3. Электрокардиография – Заключение: ритм синусовый, правильный, ЧСС 75 в 1 мин, смещение ЭОС влево, гипертрофия левого желудочка.
4. УЗИ почек – заключение: патологии не выявлено.
Общий анализ крови: гемоглобин 129г/л, эритроциты 4, 4х1012/л, цветовой показатель 0,88, лейкоциты 8*10 г/л, П-6, С-59, Э-1, Б-1, Л-24, М-6, СОЭ
Биохимический анализ крови: Общий белок 66 г/л, мочевина 5,4 ммоль/л, креатинин 127 ммоль/л, билирубин 17.2 мкмоль/л, глюкоза 4,9 ммоль/л, АСТ 17 ЕД, АЛТ 8 ЕД, Амилаза17,3 гч/л, Мочевая кислота 340 ммоль/л, СРБ-37, Серомукоид 0,73 г/л, Сиаловая кислота3,2 усл. Ед.
Общий анализ мочи: количество 150, цвет светло-желтый, прозрачная, плотность 10215 реакция кислая, белок - отсутствует; много плоского эпителия и слизи, лейкоциты 1-2 в п. з., эритроциты отсутствуют.
Было проведено лечение: Стол № 6; Физиотерапия - КВЧ на область пораженного сустава. Противовоспалительная терапия:
Индометацин - по 2 драже после еды 2 раза в сутки в течение 3 дней;
Дипроспан - по 1 мл локально - внутрь пораженного сустава
Преднизолон - по 1 таблетке 4 раза в сутки в течение 7 дней;
Аллопуринол - по 1 таблетке 3 раза в сутки в течение 7 дней
4)ЛФК – медленные упражнения в пораженном суставе
5) Энап - по 1 таблетке 1 раз в сутки пожизненно
Рекомендовано:
-питание с ограничением рыбы, мяса, алкоголя – стол №6;
-ограничение тяжелых нагрузок
- наблюдение у ревматолога 2 раза в год со сдачей основных анализов (ОАК, БАК, ОАМ) с обязательным контролем уровня мочевой кислоты
- прием найза – по 1 таблетке 1 раз в сутки в течение 1 месяца
- пожизненный прием аллопуринола - по 1 таблетке 2 раза в сутки.

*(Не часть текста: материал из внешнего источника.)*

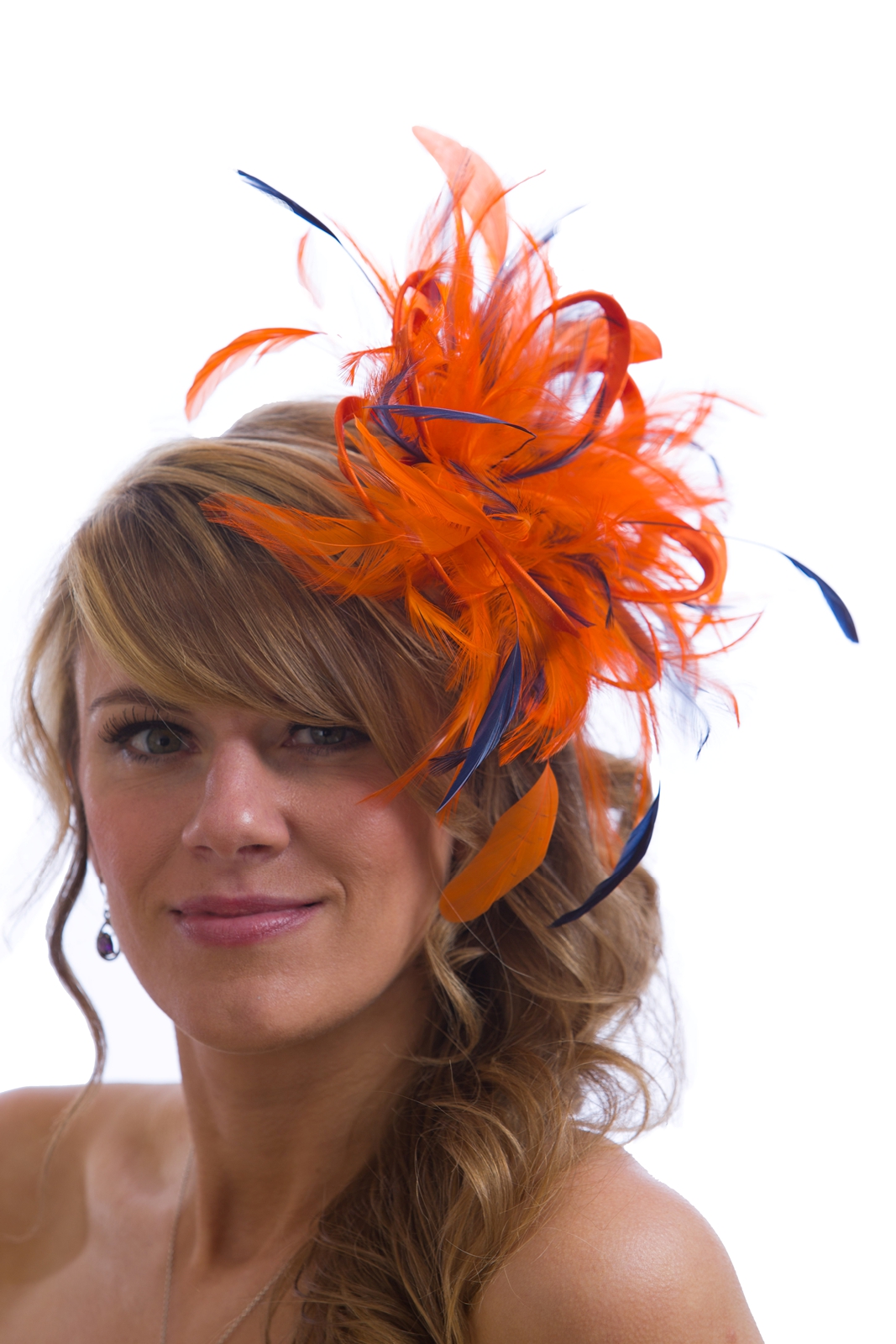 Orange and Navy Blue Satin Feather Small Fascinator hat – Abbie

- пожизненный прием энапа - по 1 таблетке 1 раз в сутки.
Литература
1. Комаров В.Т. Лекция по подагре, - Пенза, 2007.
2. Мартынов А. И., Мухин Н. А., и др. Внутренние болезни в 2 т. – Т.2. - М.: ГЭОТАР-МЕД, 2004
3. Терапевтический справочник Вашингтонского университета, - М.: Практика, 2005.
4. Хэгглин Р. Дифференциальная диагностика внутренних болезней - М.: Медицина, 1998
5. Чиркин А.А. Диагностический справочник терапевта. – Минск, Беларусь, 1993.